Mr. Perkins says the conversation centered on their shared concern for the direction of the country and shared values. It came up that both men had read an extensive story on the importance of marriage published three days earlier in The New York Times.
The article, by Jason deParle, is entitled, "Two Classes, Divided by 'I Do'." It tells the story of two women who work in a daycare center in Ann Arbor, Michigan. One of them -- Chris -- is the other one's — Jessica's -- boss. But they're friends. They both work long days. They have kids in the same age group. They both had modest Midwestern upbringings. They even got tattoos together.
Even though Chris doesn't make all that much more than Jessica, their situations are vastly different. Chris lives in a three-bedroom house in a nice subdivision. Her kids are in sports, scouting and summer camps. The family takes an annual Disney cruise. Her husband, Kevin, works a shift that gets him home in time to take their boys to afternoon swim practice. Plus, he helps manage the Boy Scout troop.
Jessica's family life is much different. Two of her three kids come to work with her in the early morning before she can take them to school. They live in a struggling district. Each kid gets one sports season per year and the family is on food stamps.

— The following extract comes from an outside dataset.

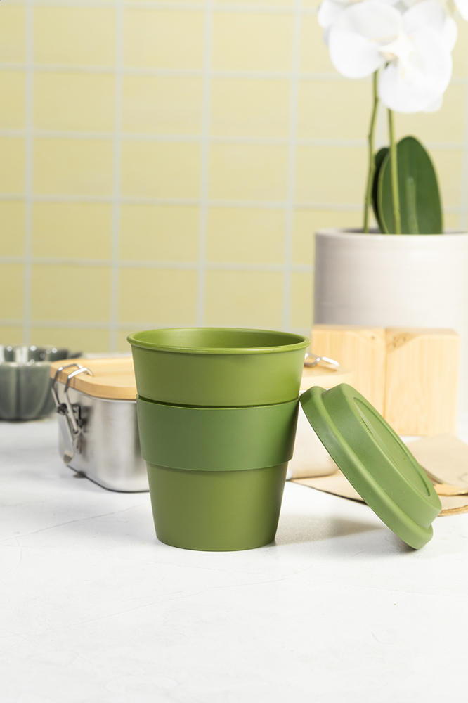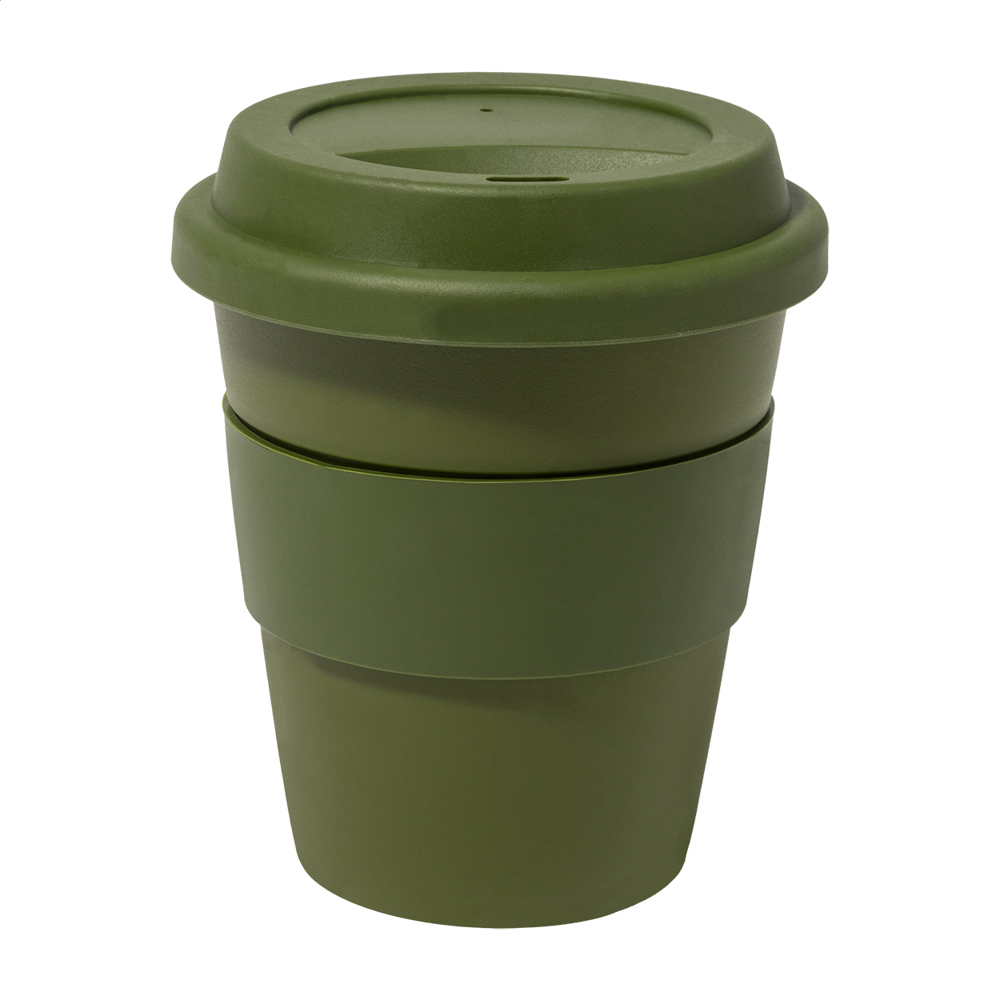 Einwandiger Reisebecher aus PP mit Trinkdeckel und Ring aus TPE. Füllmenge: 350 ml.

The gap between these two women's situations stems from a growing educational and marriage divide. Increasingly, the two divides coincide.
Both Jessica and Chris grew up in traditional homes. Both went off to college. But Jessica got pregnant her freshman year, lost her basketball scholarship and dropped out. She never married her children's father. He finally left six years ago. There was another man in the house for a while. He left, too.
Meanwhile, Chris and Kevin did things in standard order: High school, college, job, marriage, then children.
In his piece, Jason DeParle writes that, "Across middle America, single motherhood has moved from an anomaly to a norm with head-turning speed," extending into what he refers to as "the lower reaches of the middle class."
In 1990, 10 percent of births to white women with some post-secondary schooling, but not a college degree, occurred outside of marriage. Now it's 30 percent. Forty-one percent of all births in the U.S. happen outside of marriage, up from 17 percent 30 years ago.
All the studies show that, without the stable presence of a father in the home, kids are poorer, have more problems in school and in their academic performance and face a worse economic future. They're also more likely to become teenage parents and extend the cycle.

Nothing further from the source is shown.